Altogether he built more than 200 castles in Italy and Sicily, so many that every time we saw a castle we joked in the car: “Who built that one then?” Answer in chorus: “Frederick II”. (In Egypt of course one can do the same with statues of Pharaohs. They all seem to be of Rameses II). Throughout our journey we felt Frederick’s presence, no more so than today, when we drove inland and then up a perfect conical mountain and found on the top a castle, which was an exact octagon. Besides its eerie architectural precision there was something very strange about it. The building seemed to be the embodiment of a mystical or mathematical code. Not only the outer keep but each of the rooms inside, as well as the central courtyard, were octagons. Yet it was not all symmetrical. Perplexingly some of the floor levels were misaligned. The numbers of windows were not in sequence. In something so deliberately architectured one felt these flaws must have had a meaning. Of course an octagon is a symbol of the perfection of God, hence eight sided baptisteries which are common throughout mediaeval Europe, but there seemed to be something more arcane here. We were in the realm of Umberto Eco, whose model for his monastery in ‘The Name of the Rose” may have been modelled on Castel del Monte.

Frederick was also a great church builder. One of the most beautiful of his churches we came across was in Trani, an ancient port within view of Castel del Monte. We rejoiced in the spareness of its Romanesque architecture – a great contrast to the fussy Baroque that had somewhat repelled us on our way through Lecce the day before. Like the castle on the hill, there was something perfect and pure about this church that stood alone on the waterfront facing the vastness of the sea.

Laurence Browne, our companion on our travels since Bari, got into conversation with the very knowledgeable lady in the tourist information office, a former English speaking guide. She told him that the Trani Cathedral had also been covered in Baroque decoration but it had been stripped back to its original form by order of the Cultural Ministry in the 1950s. Laurence remarked that this was a very enlightened thing to have done. “You say that because you’re English,” she replied., “English have a love of empty churches.
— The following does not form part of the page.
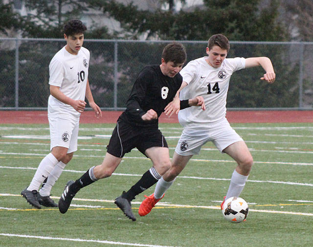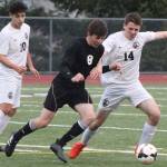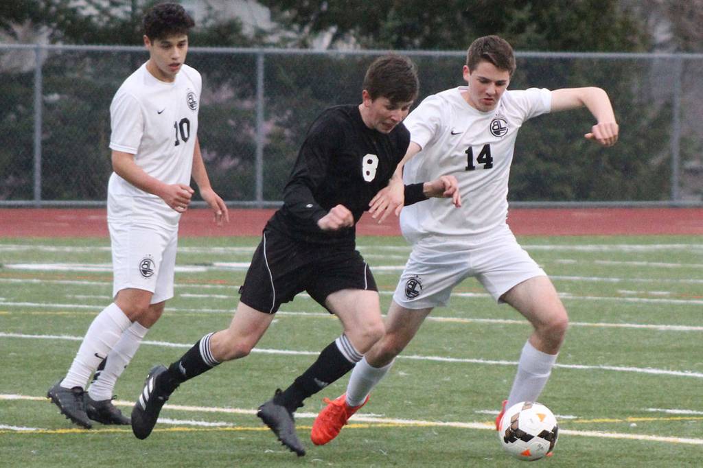 Bonney Lake High School senior defender Ryker Penner, above, battles for possession during the Panthers’ April 4 game against Spanaway Lake.

That doesn’t mean that every Italian feels the same.”

“Oh surely…” said Laurence.

“Surely nothing,” she said. “Here you are, admiring Frederick II. Tell me, what did you know of Frederick II before you came here?”
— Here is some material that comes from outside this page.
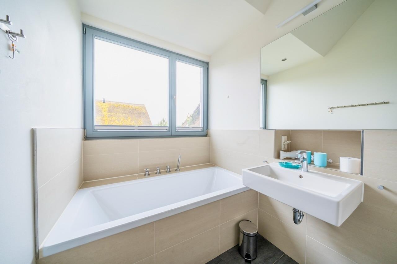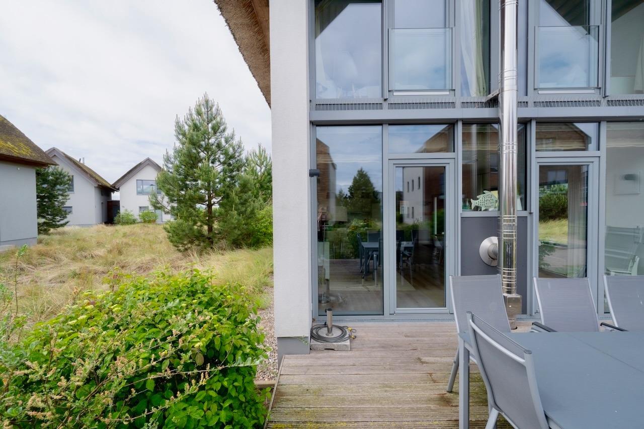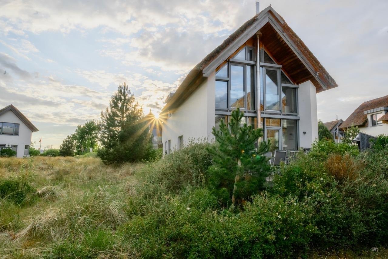 Tastefully furnished single house with light-flooded rooms and lovely reed thatching. The ideal house with lot of comfortable space (2 bathrooms, 3 bedrooms, sauna, oven fireplace...) for your vacation together with your family or friends – only a 5 minutes walk to the beach & sea.

“Not much,” he admitted shamefacedly. “He’s not really taught in English schools.”

“So there you are. What can you tell me about what was his original architecture? In Italy it is different. We see Frederick II as a father of our country.” She put her hands on her hips. “All right, where are you going now?”
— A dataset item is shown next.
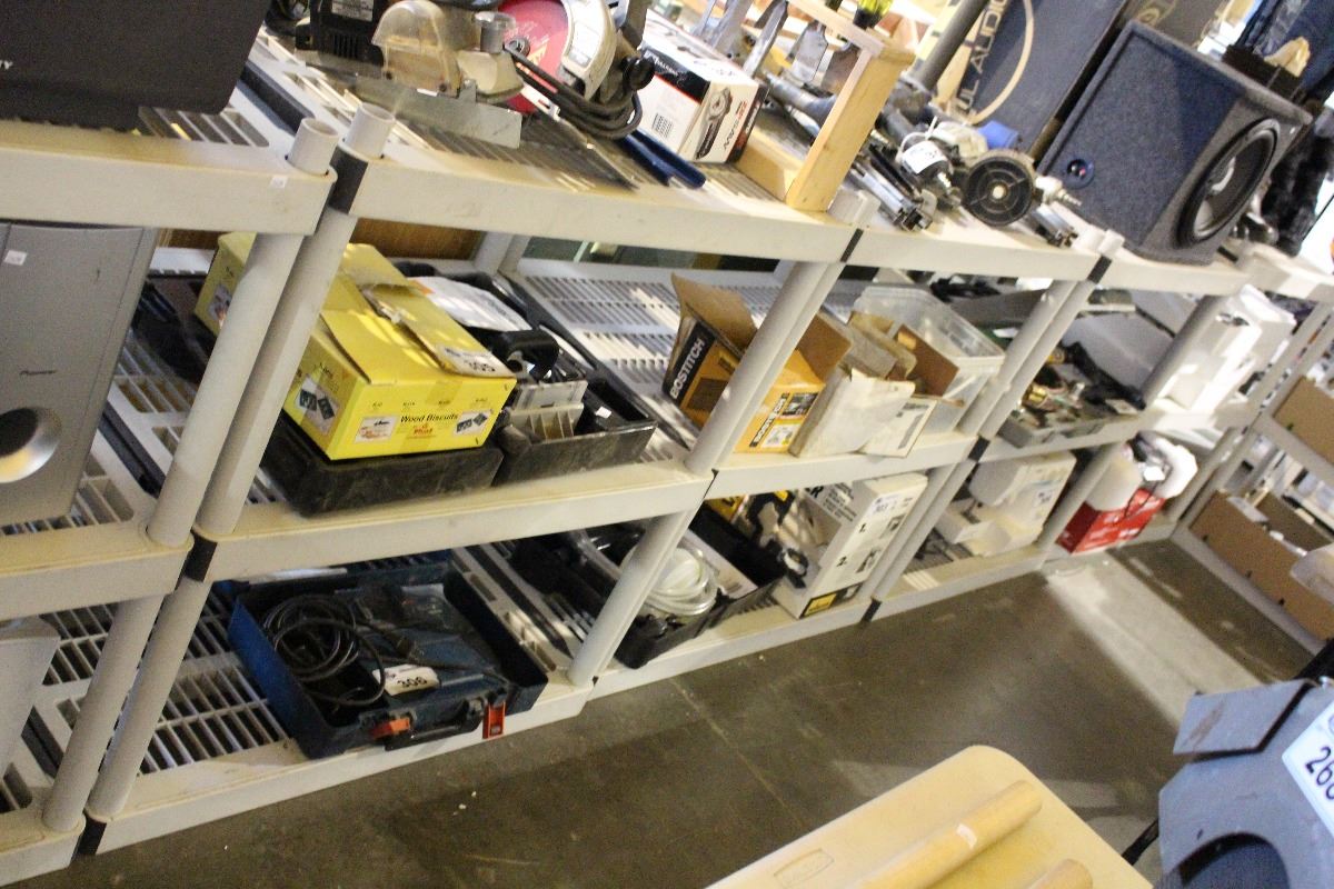 LOT OF 11 PLASTIC SHELVING UNITS INCLUDING EXTRA POLES

“The Gargano,” muttered Laurence. “To visit Padre Pio…”

“Padre Pio? Ha, that’s very Italian of you.” She gave him a sardonic glance. “But you’ll take time to go to the Foresta Umbra too, yes? To have a picnic perhaps?”

“As it happens, we were thinking of visiting the national park…Yes, why not?… maybe, we will.”

“Of course you will. It’s woods. You are English. You like woods and nature.” She shrugged dismissively and went back to sorting her brochures.

We left, bruised.

Monte San Angelo and San Giovanni Rotondo, the Gargano Peninsula, Puglia

As we approached the spur of Italy’s boot – the jutting spit that breaks the straight line of Eastern Italy’s long coast, geologically a bit of Dalmatia that got attached in some pre-Pleiostine age and therefore, some say, not really part of Italy – I put my foot on the brake to slow down for a roundabout. An empty plastic Coca-Cola bottle suddenly slipped between my feet and the brakes and I suddenly found I was accelerating. The car flew out of control and it took a few alarming seconds to right the situation. Shortly afterwards, when we were well into the Gargano peninsula we found ourselves climbing precipitous mountain roads in the waning light and soon were lost in a dark forest. The hotel in Vieste, when we eventually arrived there, was not what we had expected…

So began a chain of small accidents and misfortunes that dogged us all the time we were in the Gargano area, Nothing in itself was that serious – a sense of claustrophobia in a church, mislaid equipment, lost or broken telephones – but it added to a sense of weirdness, and we all felt lighter hearted when we left two days later.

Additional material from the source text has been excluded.